5 Visionary African American Leaders

African American leaders in America have helped push their community forward multiple times in history. Through social work, protests, advancing their cause through individual contribution and legislation, etc, there have been multiple black leaders that have made their mark in American history.

Martin Luther King Jr.

Dr. King is probably the most famous African American in history. He is known as the face of the Civil Rights movement in America and is world renowned for his “I Have A Dream” speech that he delivered at the March on Washington in 1963.
It outlined the vision he had for his people and his children, that they would live in a country that would judge them based on the content of their character and not the color of their skin.

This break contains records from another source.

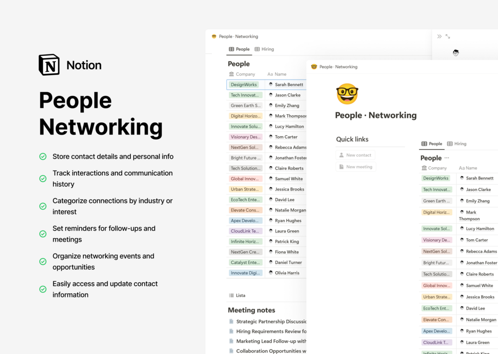 The People Networking template is a must-have for organizing and maintaining your professional and personal connections. This template helps you build meaningful relationships, keep track of important details, and ensure you’re always one step ahead in your networking efforts.
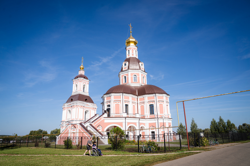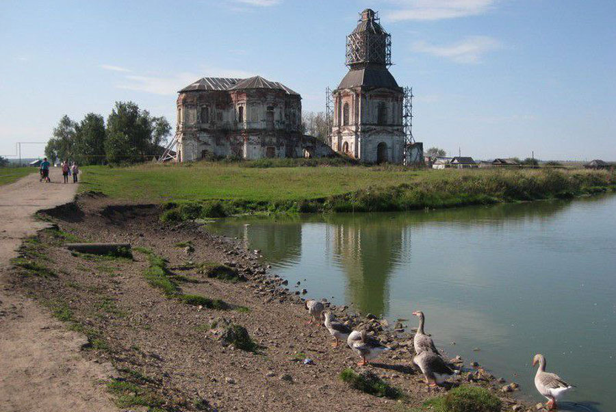 Храм в честь Усекновения Честной главы Иоанна Предтечи сияет среди сельских домиков, соединяя землю и небо, поднимаясь ввысь на 36 метров. Колокольня стоит отдельно, рядышком. Она на шесть метров ниже, но и её купол тоже смело взрезает небеса. Глядя на этот архитектурный комплекс, не верится, что ещё каких-нибудь 13 лет назад он был в руинах.
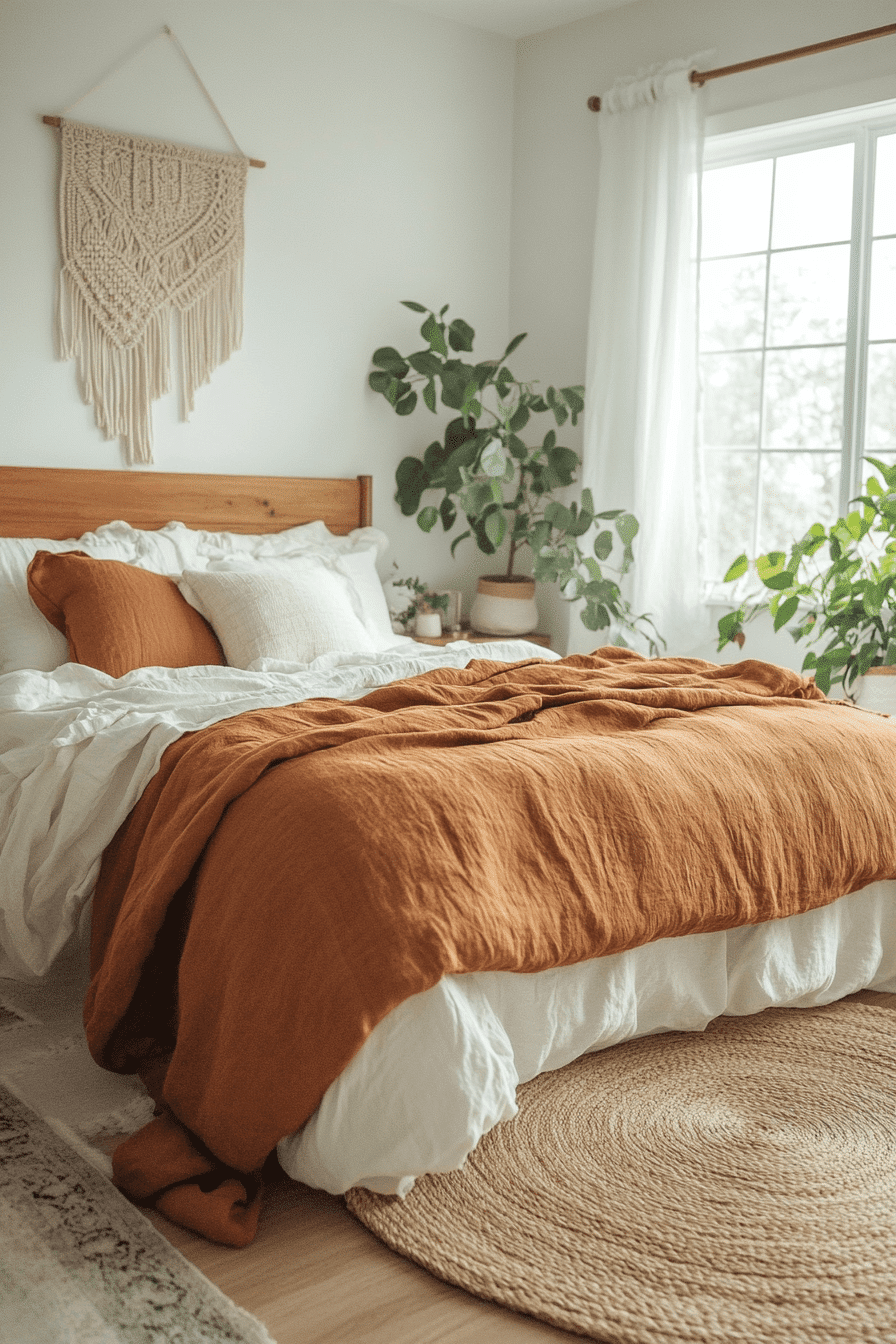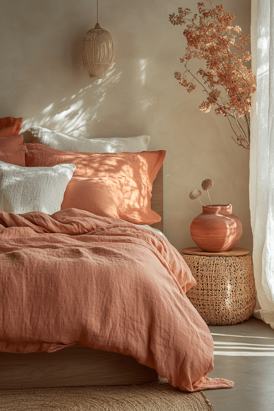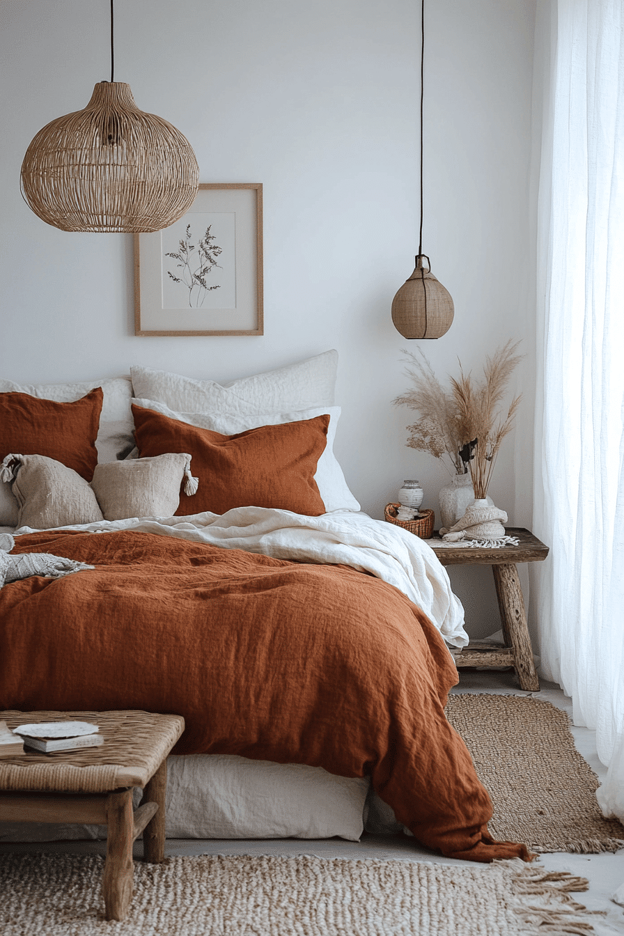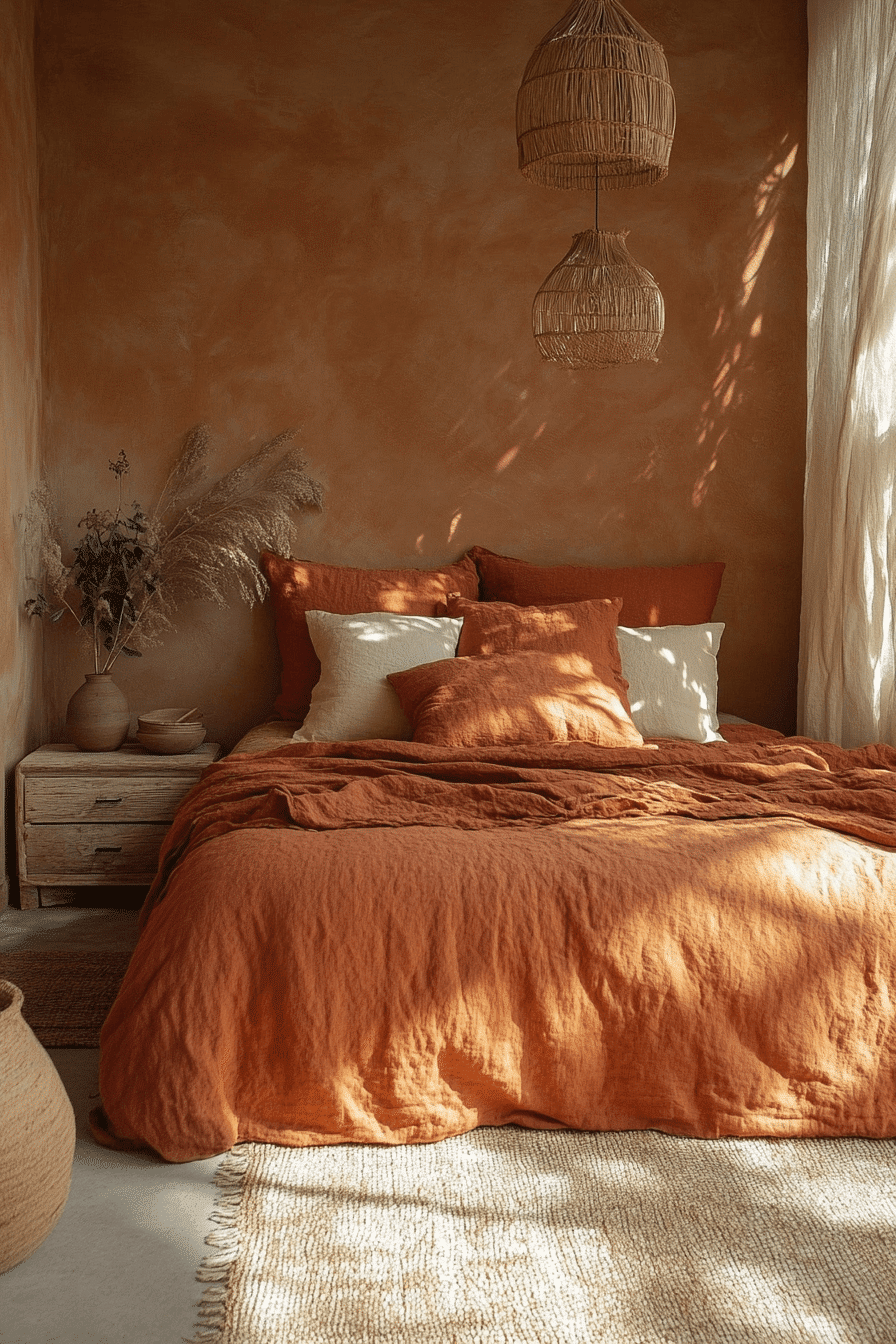 Rust-colored linen fabrics bring effortless charm to terracotta boho bedroom ideas. A clay-toned linen duvet anchors the palette beautifully. Light wood furniture and airy curtains soften the design. Jute rugs and dried florals enhance the earthy vibe. The space feels grounded yet breathable. Discover terracotta boho bedroom ideas that celebrate linen textures.

Due to his social work and organization of the black community, he was in large part responsible for the passage of the Civil Rights Act in
1964 that ended segregation and discrimination of African Americans by law. He was the youngest person in history to be awarded the Nobel Peace Prize at the time and he remains the most influential black leader in American History.

Malcolm X

Right alongside Martin Luther King Jr. was Malcolm X. He was another Civil Rights leader who argued for a more radical and militant solution to the discrimination faced by black people in America. He believed that black people should be separated from white people to form their own society. He joined the Nation of Islam in the 1950s and quickly became the face of the organization. However, when he went for the Annual Pilgrimage to Makkah, he changed his views and disavowed racism against white people.
Due to his change in views and resignation from the Nation of Islam, he was berated and abused by his former followers. All this culminated in his assassination by three of the organization’s members in 1965.

W.E.B. DuBois

Born in February 1868 in Massachusetts, DuBois grew up to be a sociologist and a Pan Africanist. He was the leader and founder of the Niagara movement, a group of African Americans African Americans that wanted equal rights for blacks. He and his followers were opposed to the Atlanta Compromise that assured that black slaves in the South would work under their masters as long as economic opportunities and education were provided for them.
He died in 1963 after giving his entire life to Civil Rights. Some of the reforms that he advocated found their way into the Civil Rights Act which was passed a year after his death.

Crispus Attucks

Widely accepted as the first fatality of the American Revolution, Crispus Attucks is considered a landmark in American History for the ascension of black people to equality. He was lauded during the Abolitionist movement as an icon for African Americans.
He was the first person killed in the Boston Massacre and while it is still disputed whether he was a free man or an escaped slave, that hasn’t stopped his sacrifice as being seen as one of the first examples of African Americans’ struggle for equality.